Closed Source Distillation Is A Half-Finished Puzzle
Everyone is distilling models lately. TeichAI does it. I do it. The internet is full of tiny models claiming to be smart because they learned from big models. There is a catch. A big one. Closed source models will never be properly distilled through an API.
I know this sounds like sour grapes from someone who cannot afford API credits. This comes down to math. This comes down to probability. This comes down to the difference between knowing what someone said and knowing what they almost said.
Distillation without logits is like learning to cook by tasting the food but never seeing the recipe. You might get close. You will never be the chef.
The Secret Sauce: Top 50 Tokens
Proper distillation requires more than the final output text. You need the probability distribution. For every token the teacher model generates, you need to know the top 50 tokens it considered. You need the probabilities. You need the logits.

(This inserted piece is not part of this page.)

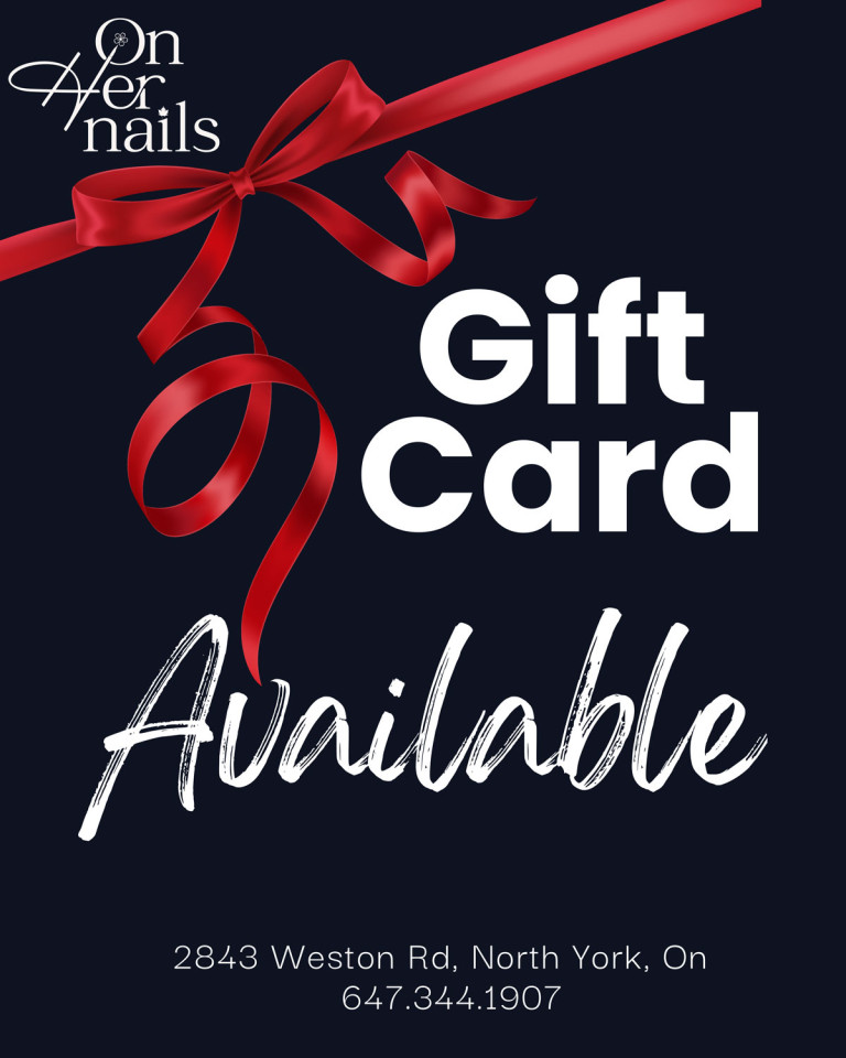 Regala un tocco di eleganza. La Gift Card On Her Nails è valida per tutti i servizi—manicure, pedicure, Gel-X/BIAB, ciglia, ceretta—e chi la riceve può prenotare quando preferisce. Spazio boutique, pulito e sicuro, su Weston Rd. Usa una gift card fisica—perfetta per un regalo di persona nel nostro salone.
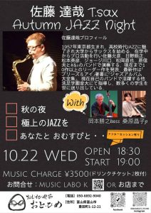Autumn Jazz Night 佐藤達哉(ts, ss) with 桑原晶子(p)岡本勝之(b) |

This tells the student model what is right and what is almost right. It teaches nuance. It teaches the shape of the decision boundary. It teaches the model why "Paris" ranks higher than "London" for the capital of France even if both are cities.
Token: "Paris"
Probability: 0.85
Top 50 Alternatives:
1. London (0.05)
2. Berlin (0.03)
3. Rome (0.02)
...
# This is gold. This is what makes small models smart.
Without this information you are training on completions only. You are teaching the student to mimic the answer. The reasoning process stays hidden.
My Haiku Experience
I am using distillation on my Haiku model. It has 1 million parameters. It used to be silent. It used to output gibberish. Now it speaks. It forms sentences. It occasionally makes sense. This improvement came from distillation with full probability distributions.
The model learned which tokens to pick and which tokens to avoid. It learned the confidence of the teacher. When the teacher was uncertain the student learned to be uncertain. When the teacher was confident the student learned to commit. This nuance is invisible in text-only distillation.
Haiku still thinks fish are numbers sometimes. Progress remains slow. At least it speaks now.
The API Workaround Problem
People suggest a workaround. Prompt the API 50 times with high temperature. Collect all the different outputs. Use that as a proxy for the distribution. This approach has problems.
Sampling is random. Probability is exact. Rolling a die 50 times tells you something about the die. It does not tell you the weight of each face. Results can be skewed. Accuracy suffers.
True Distribution: [0.5, 0.3, 0.2]
50 Samples: Might look like [0.4, 0.4, 0.2]
Variance: High
Accuracy: Low
# You are approximating an approximation.
It is also expensive. Fifty API calls per token. A single response with 100 tokens costs 5000 API calls. You will go bankrupt before you finish one dataset. The economics do not work. The math does not work.
My bank account prefers local training. My bank account prefers free gradients. My bank account cries when I mention API keys.
Why Closed Source Fails Here
Closed source providers do not give you logits. They give you text. They give you a finished product. They do not give you the ingredients. This protects their IP. It also prevents proper distillation.
You can distill behavior. You can distill style. You can distill the final answers. The reasoning process requires the probability distribution. You are training a mimic. The thinker remains hidden behind the API wall.
Open weights are not just about freedom. They are about fidelity. You cannot teach a small model to think like a big model if you cannot see how the big model thinks.
The Open Source Advantage
Open weights give you everything. Logits. Probabilities. Hidden states if you want them. You can extract the full distribution for every token. You can train your student model on the exact decision process of the teacher.
Open source distillation will always be superior. Data quality matters. Data depth matters more. Text is surface level. Logits are deep structure. You need depth for true intelligence transfer.
What This Means For TinyMemoryLM
My Haiku model improved because I had access to the full distributions. Sonnet-2 will use Engram and TeichAI techniques. Opus will benefit from everything I have learned. They will all be open weights. They will all allow proper distillation.
I want people to be able to distill my models properly. I want them to have the logits. I want them to teach their own tiny models to think. This is how the ecosystem grows. Share the recipe. Let everyone cook.
Final Thoughts
Closed source models cannot be properly distilled. You can approximate. You can sample. You can spend thousands on API calls. You will never get the true distribution. You will never get the full picture.
Open weights are the only path to true distillation. If you care about small models being smart you should care about open weights. This comes down to math. This comes down to probability. This comes down to the top 50 tokens that make the difference between gibberish and speech.